TASK PROMPT —
Copy out the data below as written; omit any images.

PROVIDED DATA —
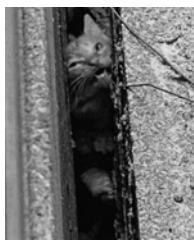
塀の隙間に挟まれていた時の様子

近隣の人が鳴き声に気づいたのは朝6時前。手の届かない、わずか数センチの隙間だったため助けることができず、警察、市役所、動物管理センターへ連絡。センター職員が来ましたが、救出は難航し、時間の経過とともに鳴き声が弱々しくなっていました。
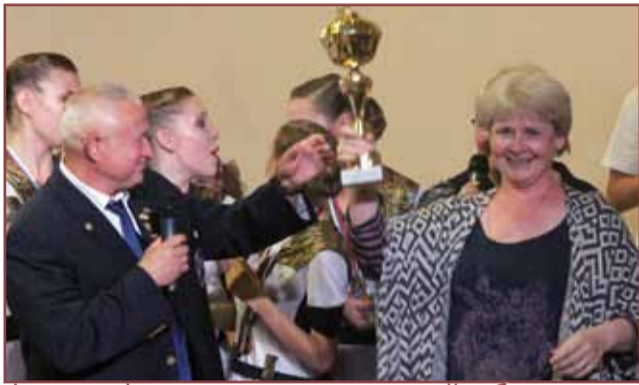
Фитнес-фестиваль, посвященный юбилею лагеря «Горный» страница 4-5
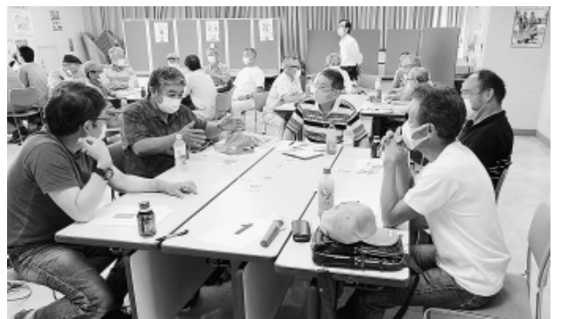
グループごとに「クロスロード」を行いました

RESPONSE TO THIS TASK —
塀の隙間に挟まれていた時の様子

近隣の人が鳴き声に気づいたのは朝6時前。手の届かない、わずか数センチの隙間だったため助けることができず、警察、市役所、動物管理センターへ連絡。センター職員が来ましたが、救出は難航し、時間の経過とともに鳴き声が弱々しくなっていました。
Фитнес-фестиваль, посвященный юбилею лагеря «Горный» страница 4-5
グループごとに「クロスロード」を行いました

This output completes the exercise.